Peter Jordan (2 February 1751 – 6 July 1827) was a professor of natural history and later agronomy at the University of Vienna. Although he did not publish any works, he taught and influenced others who wrote on agriculture.

Jordan was born in Sellrain in Tyrol and grew up in poverty, working as a shepherd. Assistance from a local pastor led to his attending school and he was later able to join the University of Göttingen to study medicine. He attended the lectures of Johann Friedrich Blumenbach and Georg Christoph Lichtenberg.
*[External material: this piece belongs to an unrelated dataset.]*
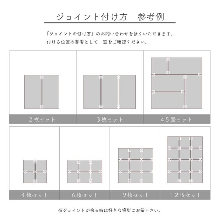 届いたユニット畳を床に置くだけで和のスペースが出来上がります。表生地には国産(九州産)のい草を使用しています。一本一本が太く、表皮が厚く、繊維がキメ細かいので弾力性があり、耐久性に優れています。い草には空気の自然浄化作用、湿度の調節作用などがあります。また汚れにくく、使用するうちに黄金色に変化し、味が出ます。中材には弾力性にこだわり15mm厚の硬綿を使用しました。硬綿にはヒバエッセンス加工を施しています。青森ヒバに含まれるヒノキチオールは天然の物質としてきわめて抗菌力が強い成分です(抗菌防臭効果)。また軽量タイプなので、持ち運び、設置、片づけなども楽にできます。連結用ジョイントを使用すれば、お部屋に合わせて簡単に何枚でもつなげることが出来ます。
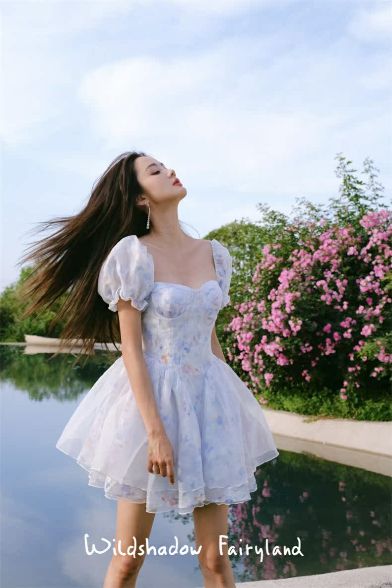 WILDSHADOW 官方授權 2023春夏新款花紫色多層蓬蓬公主裙

He then moved to Vienna and became an assistant to Andreas Joseph von Stifft. In 1783, he received the chair of natural history at the University of Vienna. In 1796, he began to give lectures on rational agriculture and helped establish the teaching of agriculture. In 1806, Emperor Francis II made him director of the lands of Vösendorf and Laxenburg and put him in charge of agriculture in the region. Here he was more involved in the practical training of students in agricultural practices. He also promoted cattle breeding and influenced agricultural education in the region. His students included the Hungarian János Nagyváthy and Leopold Trautmann (1766–1825) who both published many of his ideas in their works.

Jordan received the Order of Leopold in 1809. In 1904, a street in Vienna was named after him as Peter-Jordan-Straße.